### INSTRUCTIONS TO FOLLOW
Please reproduce the lines of the records below from the one holding "어르신 왕초보 챗GPT 활용 교육(장소: 탕정온샘도서관)" through the one holding "Introduces the economic", inclusive, skipping all pictures.

### DATA TO EXAMINE

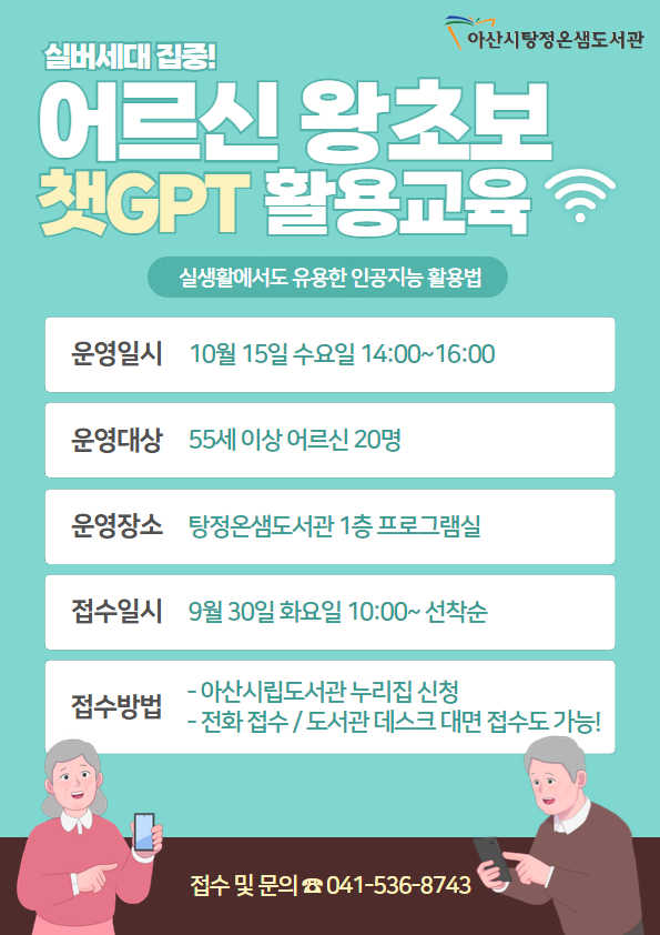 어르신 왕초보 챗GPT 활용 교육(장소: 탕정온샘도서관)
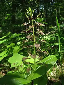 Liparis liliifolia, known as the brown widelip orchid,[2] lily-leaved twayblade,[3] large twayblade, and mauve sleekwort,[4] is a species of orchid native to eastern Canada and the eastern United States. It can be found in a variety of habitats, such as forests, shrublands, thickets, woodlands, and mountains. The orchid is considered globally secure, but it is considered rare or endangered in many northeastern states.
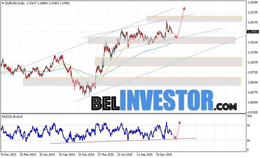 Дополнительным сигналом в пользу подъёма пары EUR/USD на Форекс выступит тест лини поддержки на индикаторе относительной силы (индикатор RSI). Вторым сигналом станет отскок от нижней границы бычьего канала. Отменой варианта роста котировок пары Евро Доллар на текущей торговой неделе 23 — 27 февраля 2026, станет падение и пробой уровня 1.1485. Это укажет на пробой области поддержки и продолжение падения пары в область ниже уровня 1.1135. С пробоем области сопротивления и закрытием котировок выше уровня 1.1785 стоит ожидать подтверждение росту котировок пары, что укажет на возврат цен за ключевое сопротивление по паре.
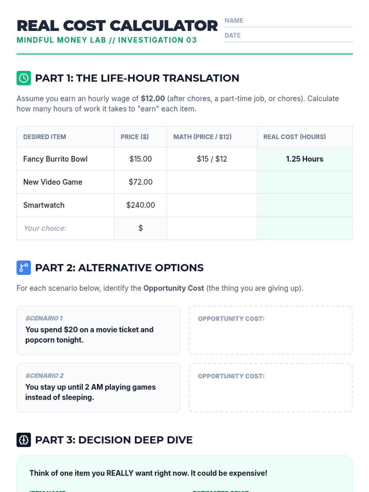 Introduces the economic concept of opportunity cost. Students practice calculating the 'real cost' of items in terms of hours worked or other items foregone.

---

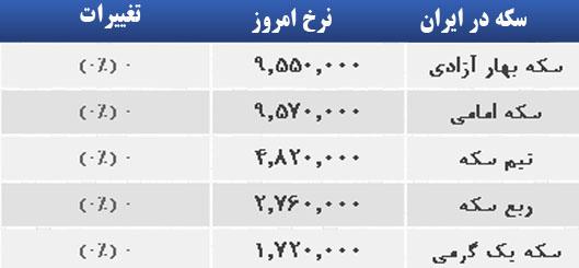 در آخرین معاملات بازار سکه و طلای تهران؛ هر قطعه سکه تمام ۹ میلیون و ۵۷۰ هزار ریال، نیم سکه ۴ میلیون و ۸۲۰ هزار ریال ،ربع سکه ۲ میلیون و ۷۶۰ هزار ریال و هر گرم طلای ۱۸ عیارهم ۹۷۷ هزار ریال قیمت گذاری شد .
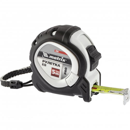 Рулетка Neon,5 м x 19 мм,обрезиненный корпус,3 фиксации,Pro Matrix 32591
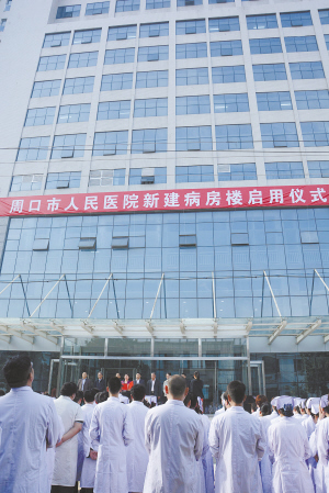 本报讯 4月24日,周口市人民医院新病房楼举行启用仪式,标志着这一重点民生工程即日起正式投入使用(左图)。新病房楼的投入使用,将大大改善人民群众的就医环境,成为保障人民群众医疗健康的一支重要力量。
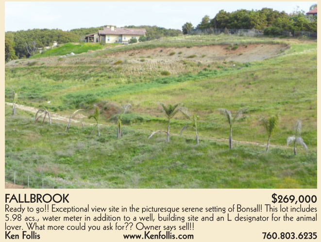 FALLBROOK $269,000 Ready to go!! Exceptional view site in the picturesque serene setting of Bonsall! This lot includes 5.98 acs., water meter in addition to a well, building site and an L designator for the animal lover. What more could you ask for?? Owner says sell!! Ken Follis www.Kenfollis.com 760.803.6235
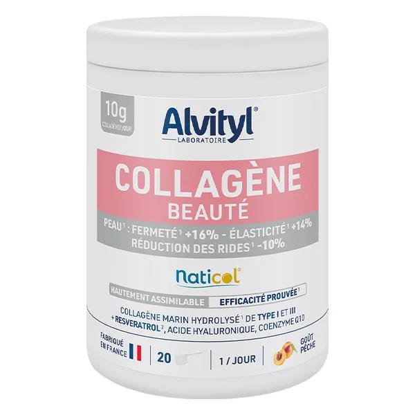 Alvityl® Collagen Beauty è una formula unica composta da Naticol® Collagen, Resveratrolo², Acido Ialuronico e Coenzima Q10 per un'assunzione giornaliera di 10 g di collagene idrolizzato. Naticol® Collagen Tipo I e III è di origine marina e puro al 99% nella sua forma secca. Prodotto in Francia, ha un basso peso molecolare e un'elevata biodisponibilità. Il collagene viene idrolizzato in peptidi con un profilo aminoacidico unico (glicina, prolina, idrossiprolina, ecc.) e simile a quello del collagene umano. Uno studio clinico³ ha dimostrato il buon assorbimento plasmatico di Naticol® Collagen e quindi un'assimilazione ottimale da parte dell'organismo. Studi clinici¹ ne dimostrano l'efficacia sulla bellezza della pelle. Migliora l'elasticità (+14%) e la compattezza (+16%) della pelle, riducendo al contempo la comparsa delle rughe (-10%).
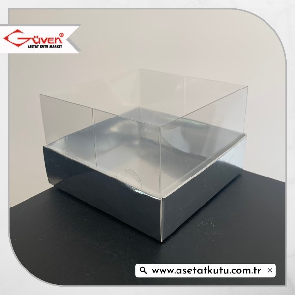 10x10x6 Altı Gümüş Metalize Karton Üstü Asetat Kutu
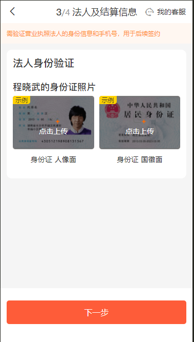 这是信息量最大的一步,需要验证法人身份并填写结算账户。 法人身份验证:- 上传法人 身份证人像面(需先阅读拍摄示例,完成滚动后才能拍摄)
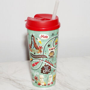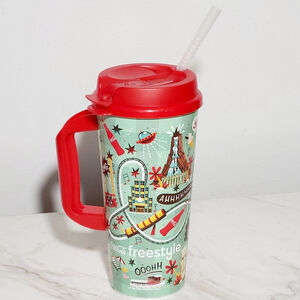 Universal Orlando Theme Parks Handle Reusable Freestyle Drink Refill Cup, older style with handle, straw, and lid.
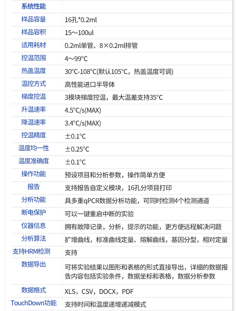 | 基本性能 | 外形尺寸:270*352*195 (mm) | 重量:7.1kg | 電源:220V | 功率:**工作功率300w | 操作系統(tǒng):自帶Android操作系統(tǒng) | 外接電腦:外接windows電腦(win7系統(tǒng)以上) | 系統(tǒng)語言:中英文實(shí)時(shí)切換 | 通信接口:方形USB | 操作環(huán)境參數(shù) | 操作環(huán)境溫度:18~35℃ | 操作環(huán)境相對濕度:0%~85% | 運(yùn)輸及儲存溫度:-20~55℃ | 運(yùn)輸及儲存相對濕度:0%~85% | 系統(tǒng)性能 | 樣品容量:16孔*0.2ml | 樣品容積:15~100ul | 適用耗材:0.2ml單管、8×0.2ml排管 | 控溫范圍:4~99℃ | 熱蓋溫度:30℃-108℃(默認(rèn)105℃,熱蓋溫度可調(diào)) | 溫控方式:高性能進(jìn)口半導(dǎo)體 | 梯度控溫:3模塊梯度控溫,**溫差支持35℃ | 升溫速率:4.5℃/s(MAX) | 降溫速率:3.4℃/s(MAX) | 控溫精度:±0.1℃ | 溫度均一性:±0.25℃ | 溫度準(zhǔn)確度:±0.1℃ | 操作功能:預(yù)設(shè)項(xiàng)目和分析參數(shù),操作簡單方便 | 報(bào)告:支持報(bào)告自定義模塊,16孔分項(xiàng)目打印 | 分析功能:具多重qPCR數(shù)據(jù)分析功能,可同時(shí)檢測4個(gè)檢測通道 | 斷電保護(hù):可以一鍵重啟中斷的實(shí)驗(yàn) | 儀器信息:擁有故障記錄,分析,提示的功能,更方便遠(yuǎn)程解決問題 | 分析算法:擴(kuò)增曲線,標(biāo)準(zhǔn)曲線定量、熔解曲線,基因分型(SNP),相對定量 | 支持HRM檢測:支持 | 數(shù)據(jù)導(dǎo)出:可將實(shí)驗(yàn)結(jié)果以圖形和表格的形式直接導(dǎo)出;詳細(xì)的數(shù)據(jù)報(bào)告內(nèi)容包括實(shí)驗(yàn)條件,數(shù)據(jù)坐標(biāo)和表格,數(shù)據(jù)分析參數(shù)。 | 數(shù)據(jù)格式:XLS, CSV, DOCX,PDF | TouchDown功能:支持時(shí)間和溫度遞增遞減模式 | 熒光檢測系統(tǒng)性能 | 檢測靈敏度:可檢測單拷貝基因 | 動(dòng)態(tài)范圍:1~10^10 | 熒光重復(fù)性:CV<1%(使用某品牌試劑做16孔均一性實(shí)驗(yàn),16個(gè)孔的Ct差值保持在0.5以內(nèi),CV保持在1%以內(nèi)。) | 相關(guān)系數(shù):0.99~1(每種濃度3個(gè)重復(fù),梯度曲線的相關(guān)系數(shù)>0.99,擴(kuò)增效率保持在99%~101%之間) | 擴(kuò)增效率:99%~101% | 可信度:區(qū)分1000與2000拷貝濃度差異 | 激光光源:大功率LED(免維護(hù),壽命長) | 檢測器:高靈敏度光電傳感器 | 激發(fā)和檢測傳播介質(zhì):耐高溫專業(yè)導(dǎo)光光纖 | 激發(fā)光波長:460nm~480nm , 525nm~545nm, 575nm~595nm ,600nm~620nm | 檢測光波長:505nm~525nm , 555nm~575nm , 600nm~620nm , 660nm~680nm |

### RESULT FOR THIS TASK
 어르신 왕초보 챗GPT 활용 교육(장소: 탕정온샘도서관)
 Liparis liliifolia, known as the brown widelip orchid,[2] lily-leaved twayblade,[3] large twayblade, and mauve sleekwort,[4] is a species of orchid native to eastern Canada and the eastern United States. It can be found in a variety of habitats, such as forests, shrublands, thickets, woodlands, and mountains. The orchid is considered globally secure, but it is considered rare or endangered in many northeastern states.
 Дополнительным сигналом в пользу подъёма пары EUR/USD на Форекс выступит тест лини поддержки на индикаторе относительной силы (индикатор RSI). Вторым сигналом станет отскок от нижней границы бычьего канала. Отменой варианта роста котировок пары Евро Доллар на текущей торговой неделе 23 — 27 февраля 2026, станет падение и пробой уровня 1.1485. Это укажет на пробой области поддержки и продолжение падения пары в область ниже уровня 1.1135. С пробоем области сопротивления и закрытием котировок выше уровня 1.1785 стоит ожидать подтверждение росту котировок пары, что укажет на возврат цен за ключевое сопротивление по паре.
 Introduces the economic concept of opportunity cost. Students practice calculating the 'real cost' of items in terms of hours worked or other items foregone.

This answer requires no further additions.